The process of identifying functions based on their characteristics, such as x-intercepts, is a cornerstone of mathematical analysis. It requires a solid grasp of algebraic principles and the ability to apply these principles systematically. By breaking down the problem into smaller, manageable steps, we were able to construct the function's equation based on the given x-intercepts and then verify our solution by evaluating the provided options.
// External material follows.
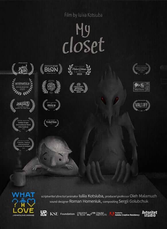 Logline Under the influence of tragic circumstances, the young woman is forced separate with her husband. While doing ordinary things and maintaining contact with her lover, she tries to overcome her fear and despair. Will she be able to cope with her feelings if the connection is lost? Synopsis A young couple wakes up at night to the sounds of explosions. The war has begun… Releasing her husband to defend his country and family, the woman is overcome by fear and sadness. But the news from her lover forces her to resist emotions and try to “hide” her fear in the closet. While trying not to think about the bad, she does her usual things – water the flowers, have breakfast and enjoy the sunny day. The connection with her lover supports and gives her strength, creating the illusion of confidence in tomorrow. One day, the young woman does not receive news from her husband. She awaits with hope, constantly checking her phone. Her courage and confidence fade. There is nothing left in her life except waiting. At this moment, the monster that has been "living" in the closet all this time breaks free and pulls the girl into a crazy dance of fear. He circles, grabs and pulls her into his black abyss. Night time. The girl is sitting at the table in front of a cup of hot tea. The monster is right next to her, he is hugging the girl gently. She no longer hides her fear, they now live together.

This methodical approach is applicable to a wide range of mathematical problems and is a valuable skill for students and professionals alike.
Moreover, the exploration of this problem highlights the significance of x-intercepts in understanding a function's behavior. These points not only indicate where the function's graph intersects the x-axis but also provide insights into the function's roots, zeros, and potential real-world applications. The ability to quickly identify and interpret x-intercepts is crucial for problem-solving in various fields, including physics, engineering, economics, and computer science. Therefore, a strong foundation in this concept is essential for success in both academic and practical endeavors. The knowledge and skills gained from solving problems like this enhance our mathematical intuition and problem-solving capabilities, paving the way for tackling more complex challenges in the future.